Bei der Frage nach Trumps Motiven hatten wir "regime change" und Krieg in einem Atemzug genannt. Das entspricht der – nach den Erfahrungen in Afghanistan und im Irak – weit verbreiteten Vorstellung von der fixen Verknüpfung dieser beiden Kategorien. Krieg heißt aber nicht in jedem Fall Invasion, Besetzung und "regime change". Sollte es etwa, entgegen den Absichten Trumps, zu einem Krieg aus Versehen kommen, wäre dieser wohl ein begrenzter. "Ein bisschen Krieg" ("Die Zeit"), sprich punktuelle Bombardements von militärischen und zivilen Einrichtungen, hätte aber aller Wahrscheinlichkeit nach keinen "regime change" zur Folge. Sondern, im Gegenteil, eine Stärkung des Regimes im Inneren und nach Außen: Als Opfer einer amerikanischen Aggression könnte Teheran mit der Solidarität nicht nur der islamischen Welt rechnen. (...)

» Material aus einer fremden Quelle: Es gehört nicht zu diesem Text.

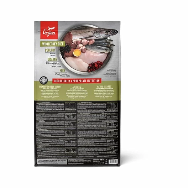 Frisches Hühnerfleisch (13%), frische ganze Eier (7%), frisches Truthahnfleisch (7%), frischer ganzer Hering (7%), frische Hühnerleber (6%), frische ganze Flunder (4%), frische Truthahnleber (4%), frische Hühnerhälse (4%), frische Hühnerherzen (4%), frische Truthahnherzen (4%), Hühnerfleisch (getrocknet 4%), Truthahn (getrocknet 4%), ganze Makrelen (getrocknet 4%), ganze Sardinen (getrocknet 4%), ganzer Hering (getrocknet 4%), rote Linsen, grüne Linsen, grüne Erbsen, Linsenfasern, Kichererbsen, gelbe Erbsen, Wachtelbohnen, Hühnerknorpel (1%), ganze weiße Bohnen, Heringsöl (1%), Hühnerfett (1%), Truthahnknorpel (1%), Hühnerleber (gefriergetrocknet), Truthahnleber (gefriergetrocknet), frischer ganzer Kürbis, frischer ganzer Butternußkürbis, frische ganze Zucchini, frische ganze Pastinaken, frische Möhren, frische ganze Äpfel, frische ganze Birnen, frischer Grünkohl, frischer Spinat, frische Rübenblätter, frischer Rübstiel, brauner Seetang, ganze Cranberries, ganze Heidelbeeren, ganze “Saskatoon” Beeren, Chicoréewurzeln, Kurkumawurzeln, Mariendistel, Klettenwurzeln, Lavendel, Eibischwurzeln, Hagebutten.

Ein regime change im Iran steht nicht auf der Wunschliste Trumps – sondern auf jener der überwiegenden Mehrheit der Iraner. Dessen ungeachtet sieht manch ein Regimegegner in Trump – laut Navid Jamshidi, dem Chefredakteur des Teheraner Online-Magazins Asia der beliebteste US-Präsident in der Geschichte Irans – eine Art Messias, der den Iran vom klerikalen Regime erlösen wird. Detail am Rande: Gemäß der Verfassung der Islamischen Republik ist das "wahre Staatsoberhaupt" des Irans der verborgene zwölfte Imam – der schiitische Messias.